The feller had a substantial work experience in forest operations (more than 20 years), with the majority of his jobs carried out in tree felling and the processing of poplar stands located in flat terrains.

2.2. Data Collection

The field data collection activity covered three operational days, namely the 16th, 18th, and 19th of May 2017, during which time a total of 31 trees, representing roughly 10% of the harvestable volume, were felled and processed.
Before the study, a researcher explained the scope of the study and the intended use of data to the harvesting crew and obtained the verbal consent to carry out the study. The motor-manual tree feller was instructed to carry on his job as usual, and the way in which the data collectors work, as well as the intended use of the data, were described to him in detail. Following the instructions, he agreed to carry the instruments during the time spent on-the-job in the field operations, but he disagreed to wear the heart rate sampler during his off-the-job, personal time. At the study time, the feller was 42-years old and he declared that he was a non-smoker, as well as the fact that he does not drink alcoholic beverages and usually drinks one coffee per day, in the morning.
The average air temperature for the study time was calculated based on the data collected from the nearest meteorological station—Calafat (Dolj, Romania), located at 43°59′06″ N–22°56′46″ E, 62 m above sea level, at 33 km of the study site, and it was rated at 19 °C, ranging from 12 to 22 °C. Therefore, the motor-manual feller was assumed not to be under heat stress [41].
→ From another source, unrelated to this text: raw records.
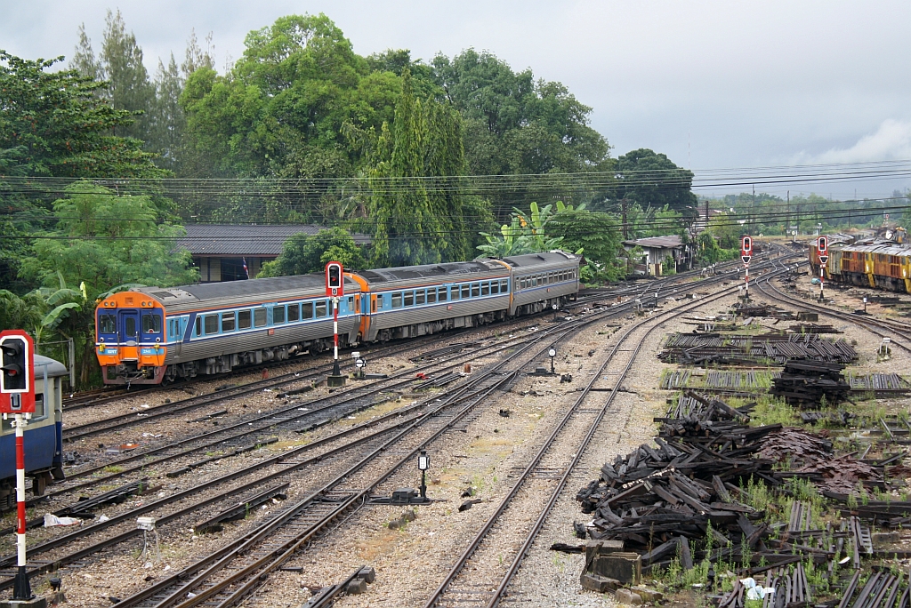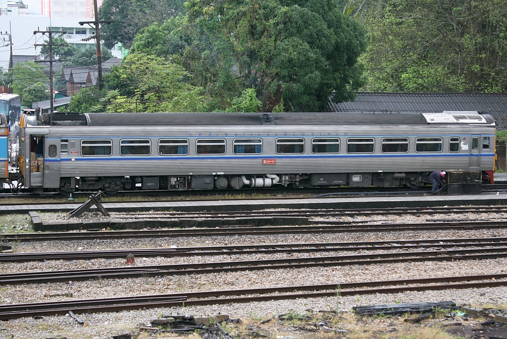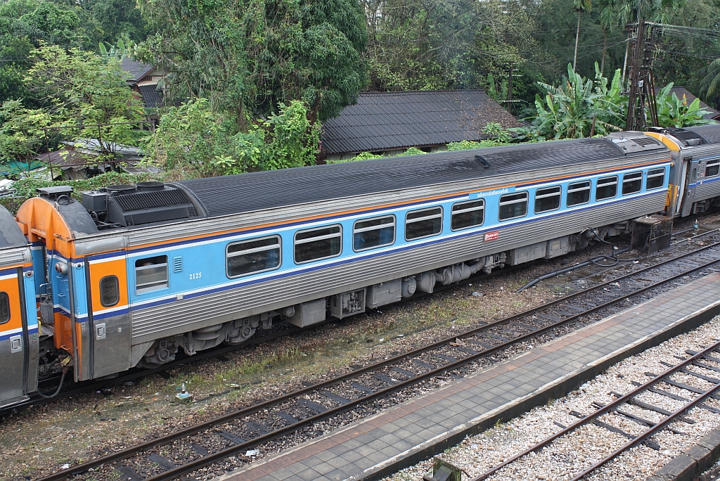 Zu den 12 Triebwagen APD.20 (SRT-Nr. 2513 - 2524) wurden von Daewoo Heavy Industries 1995 auch 8 Triebwagen ohne Führerstand (SRT-Nr. 2121-2128) geliefert. - Das Bild zeigt den, im SP EXP DRC 41 nach Yala eingereihten APN 2125 am 12.Jänner 2012 an der Tankstelle der Hat Yai Junction.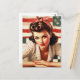 Retro American Girl Button Up Art Postkarte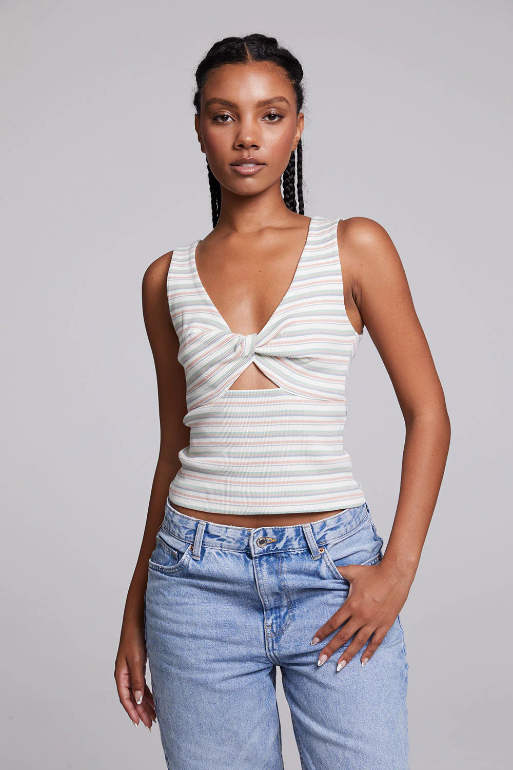 Our comfy recycled vintage rib Serra Mini Dress features stretch and a front twist.

Field data collection was designed to simultaneously capture information about the time and fuel consumption, operational variables, physical strain, exposure to noise, and risks of musculoskeletal disorders, while minimally affecting the typical way of doing work by delays caused by the study. This supposed the implementation of a detailed time and motion study that was designed to describe specific tasks and to evaluate the elemental time consumption based on the general concepts and recommendations described in [38,44]. However, the study was not designed to model the dependence of time consumption as a function of operational variables, a reason for which only the minimal set of operational variables made the subject of measurement during the observations.
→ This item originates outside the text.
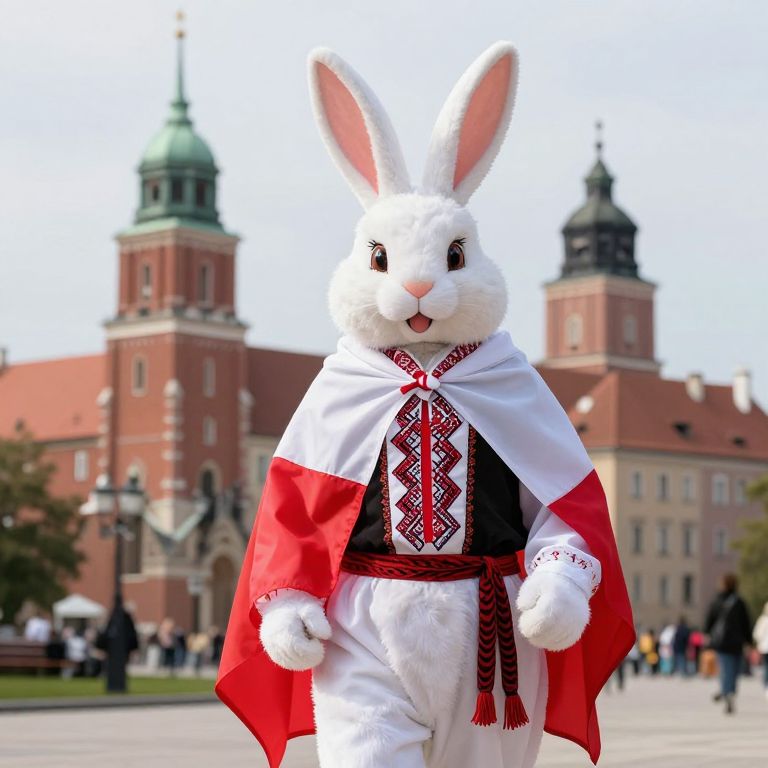 Mysterious the most epic easter bunny dressed in a polish flag with the city of Warsaw in the background. Traditional Lowicki clothing. Poland,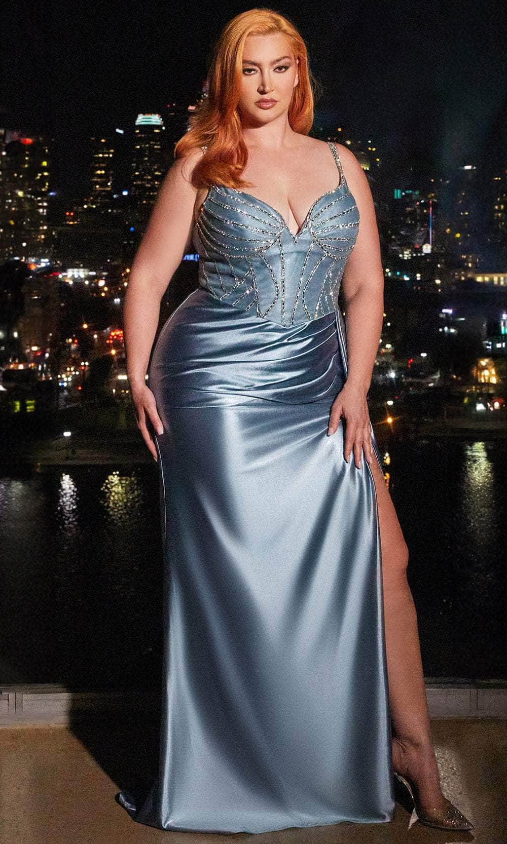 Transform into a glamorous and refined woman with the Ladivine CDS440C creation. Adorned in sparkly beadings and fashioned with satin fabric, the sleeveless gown that will make you feel absolutely comfortable and guarantees a show-stopping entrance. It features a pleated hipline, deep v-neckline and thin shoulder straps that offer snug support. In a sheath silhouette, the skirt dramatically finishes in side sash, alluring gathered booty detail and thigh-high leg slit. For prom or any other special occasion where you want to dance the night away, this Ladivine CDS440C design is a fantastic option. Models are wearing Black, Dusty Blue, Emerald, Midnight, Royal, and Sand colors.

To be able to describe the exposure to noise during specific tasks, the concept of dividing the studied time into subsequent work elements also took into consideration the state of the chainsaw engine. This approach is a good option in motor-manual studies, where one needs to account for such separations either to determine the engine utilization rate [45] or to evaluate the ergonomic conditions.
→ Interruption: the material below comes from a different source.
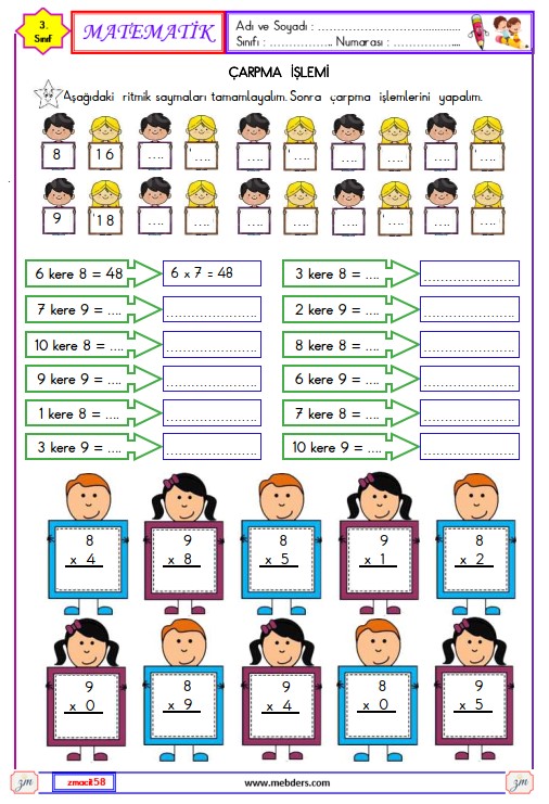 3. Sınıf Matematik Çarpma İşlemi Etkinliği 9

The total study time (TST, s) was assumed to be conceptually divided into two main categories: productive time (tP, s) and non-productive (tNP, s). In this concept, the first category grouped all the work elements which supposed the effective implementation of operations, that are usually taken into consideration when assessing the ergonomic conditions of a given job [39,46,47]. This time category was also used to estimate the net productivity and efficiency. The second category contained all the time spent during non-productive events and tasks such as delays, preparatory time, rests, and study delays and it was used to estimate the gross productivity and efficiency in the given conditions. Therefore, the total study time was divided into work elements as described in Table 2, and the time consumption data was collected on paper sheets using the continuous timing method [44].
Data describing the operational conditions of each observed tree was collected by a researcher who measured the diameter at the breast height (DBH, cm) and the diameter at the stump height (DS, cm) to the nearest centimeter using a forestry caliper. Production (P, m3) of motor-manual tree felling and processing was estimated based on the over-bark volume input in the operations, using the average tree volume (TV, m3) extracted from the harvesting block utilization act, as shown in Table 1, and the number of felled trees during the observations.
Total fuel mixture (FM, L) and chain lubrication oil (LO, L) consumptions were measured in the field using the general methods recommended in [38] and described by a similar study [48], with the difference that refueling took place at the free will of the feller. Unit fuel mixture (UFM, L∙m−3) and chain lubrication oil (ULO, L∙m−3) were computed at the office based on field recorded data and the estimated production.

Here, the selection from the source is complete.